> [Aim of the exercise]:
Please give back the lines from the line containing "Armsa Karupoeg Puhhi" through the end of the listing below, exactly as written and without pictures.

---

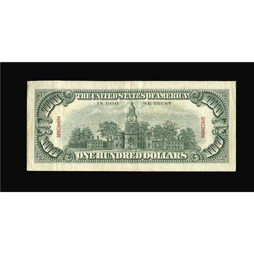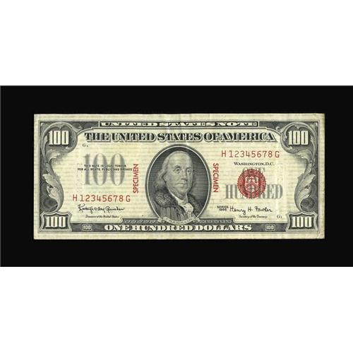 <B>Fr. 1550 $100 1966 Legal Tender Note. Very Fine-Extremely Fine.</B></I><BR>From our January 2006 FUN auction where the description read, "Bold red vertical stamps on both sides of Franklin and at each end of the back denote this C-note as a Specimen as does the serial number H12345678G. While Federal Reserve Note Specimens are seen with some regularity, this note is a rare sight indeed, we have not seen another example of a $100 Legal Tender Specimen in our many years of work."<BR><BR><b>Shipping:</b> Coins & Currency (<a target="_blank" href="http://www.heritageauctions.com/common/shipping.php">view shipping information</a>)
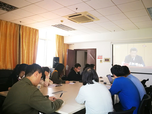 4月30日上午,校研究生会干部集体在一办公楼B202收看纪念五四运动100周年大会直播,研究生院领导老师与研会干部一起观看直播。
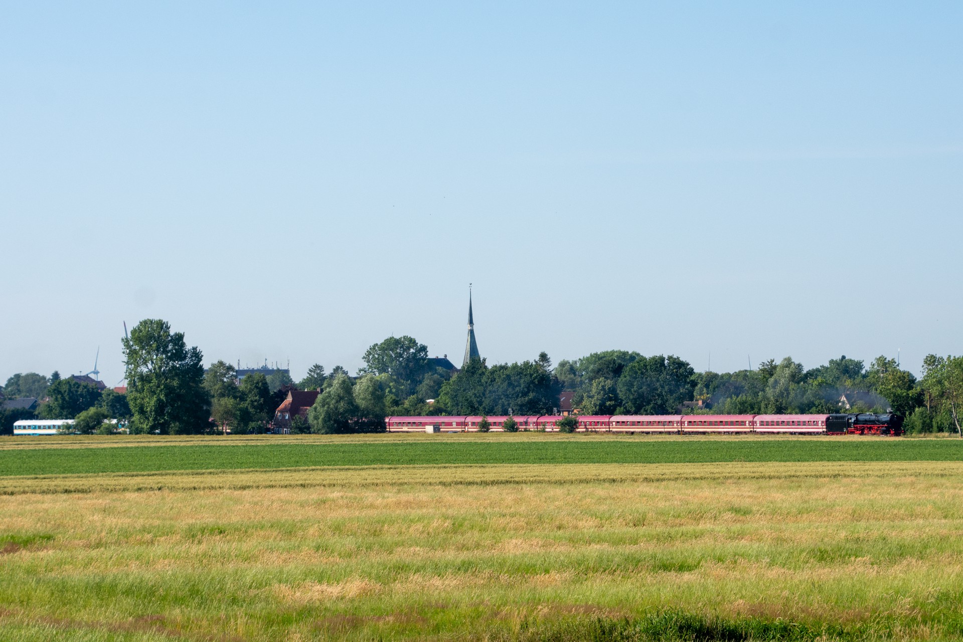 Næste planlagte sted var lidt nord for “Lunden” og med en fin kirke i baggrunden. Desværre havde jeg lidt problemer med fokus på kameraet her, så billederne kunne have været bedre. Turen gik så hurtigt videre til Hattstedt som ligger lige nord for Husum. I Husum var der et fotostop, så det gav lige nok tid til at kunne frem her til. Efter have ventet her i få minutter, passerede toget i hastig fart, og jeg kørte derfor også videre mod Niebüll/Klanxbüll.
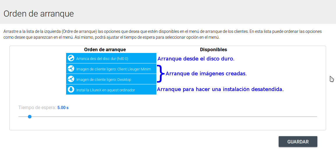 | Bootmanager | configurar las diferentes opciones de inicio de los clientes. |
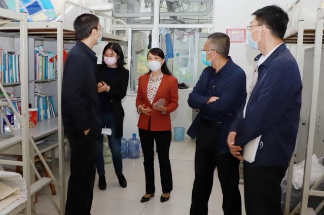 5月14日上午,院长管英俊、副院长葛国文带领相关部门负责人深入图书馆、教学楼、实验楼、学生公寓、施工现场等场所,对开学准备情况和安全工作进行检查。
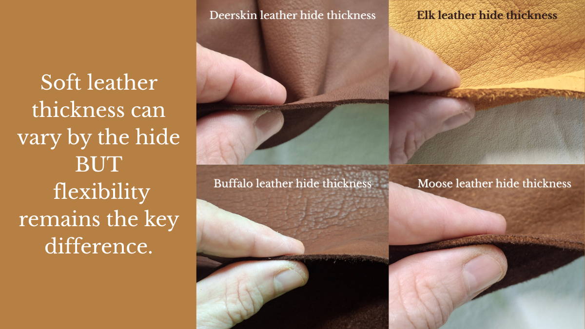 Soft leather thickness varies by hide, but flexibility plays a bigger role than measurements alone.
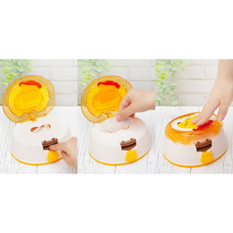 Armsa Karupoeg Puhhi kujundusega niiskete salvrättide konteiner.
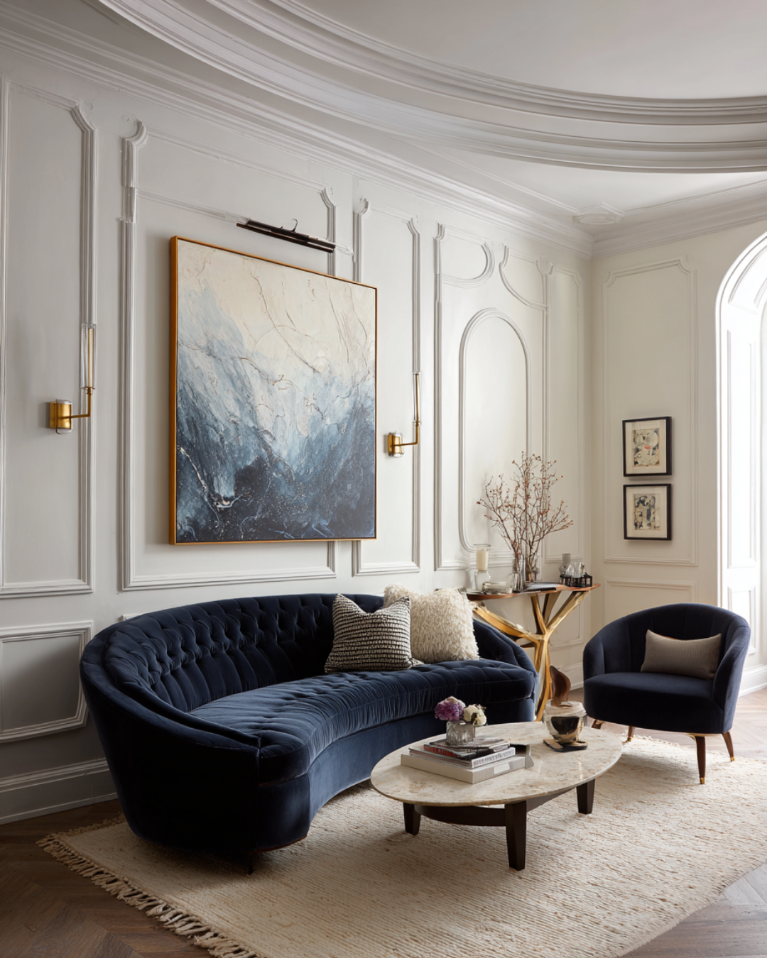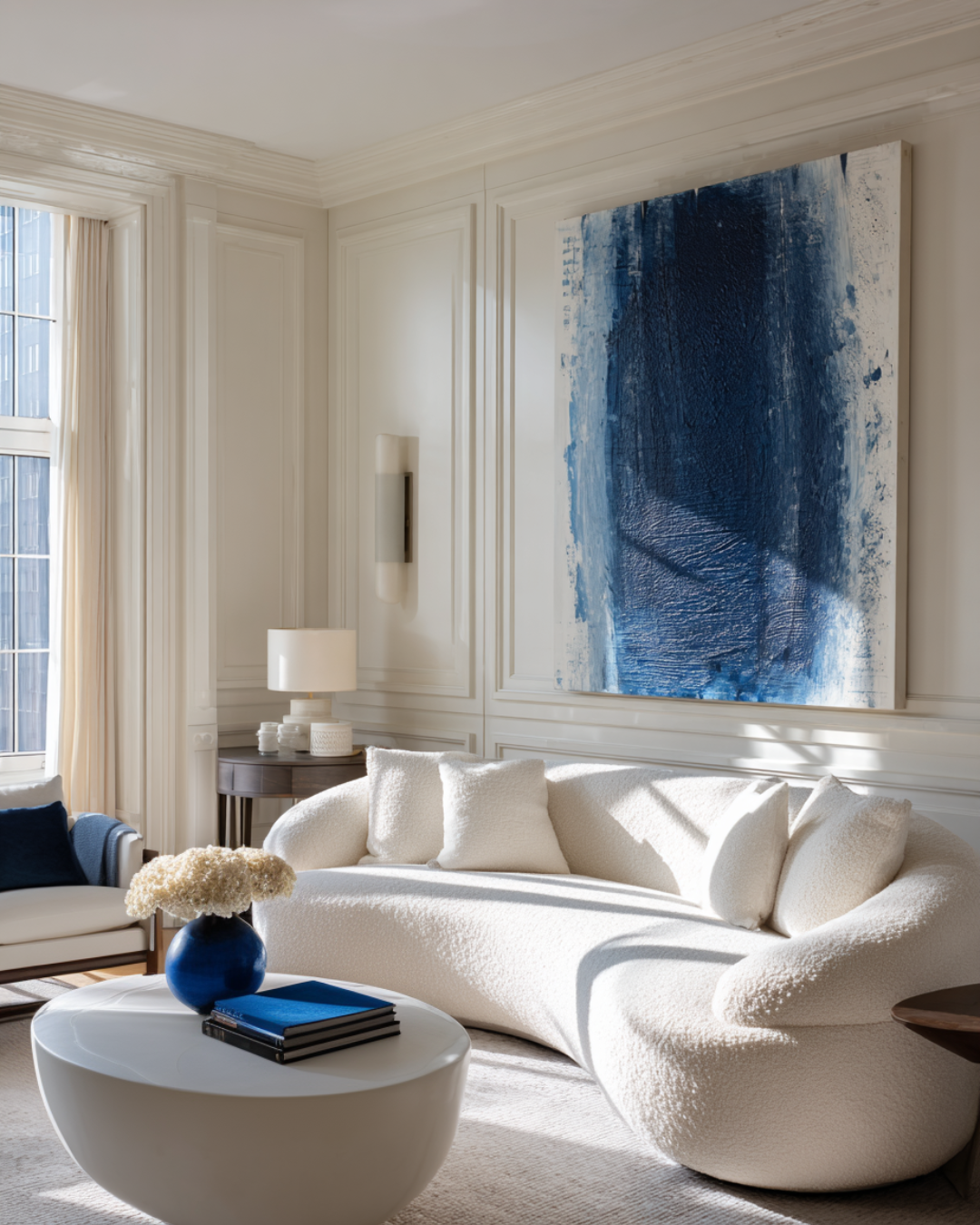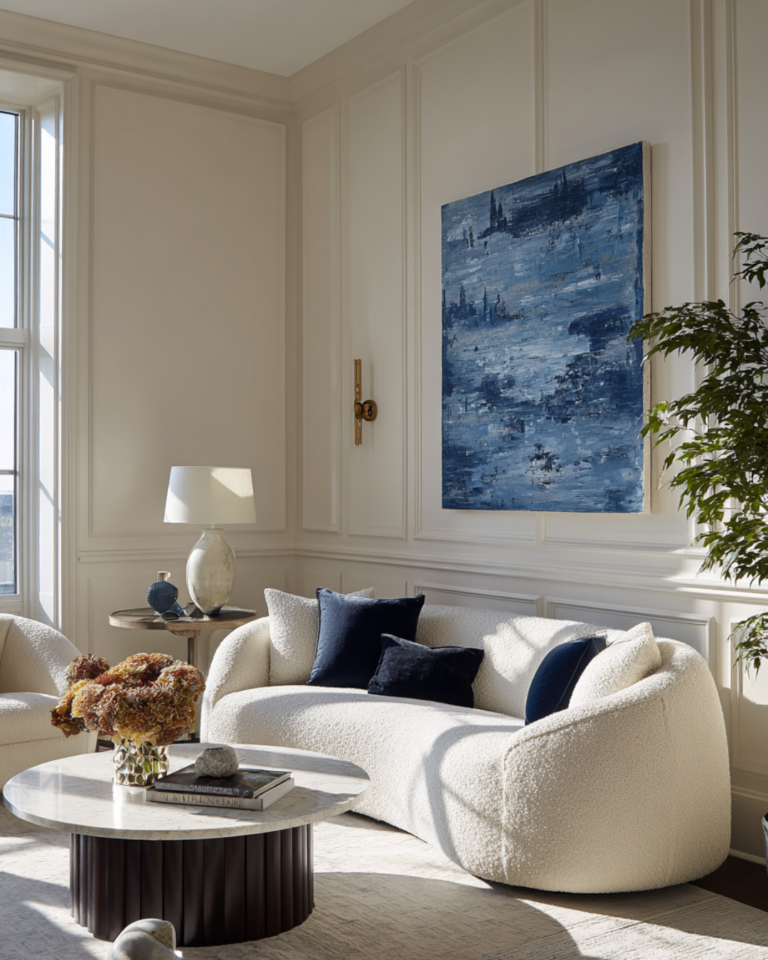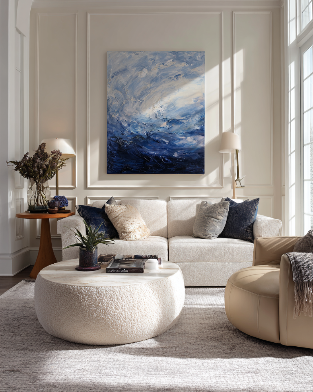 A well-placed blue painting naturally becomes the focal point of a room. In neutral interiors—think creams, ivories, and soft beiges—it introduces contrast without overwhelming the palette. The eye is drawn to the artwork, allowing it to anchor the surrounding furniture and décor.

---

> [Completed exercise]:
 Armsa Karupoeg Puhhi kujundusega niiskete salvrättide konteiner.
 A well-placed blue painting naturally becomes the focal point of a room. In neutral interiors—think creams, ivories, and soft beiges—it introduces contrast without overwhelming the palette. The eye is drawn to the artwork, allowing it to anchor the surrounding furniture and décor.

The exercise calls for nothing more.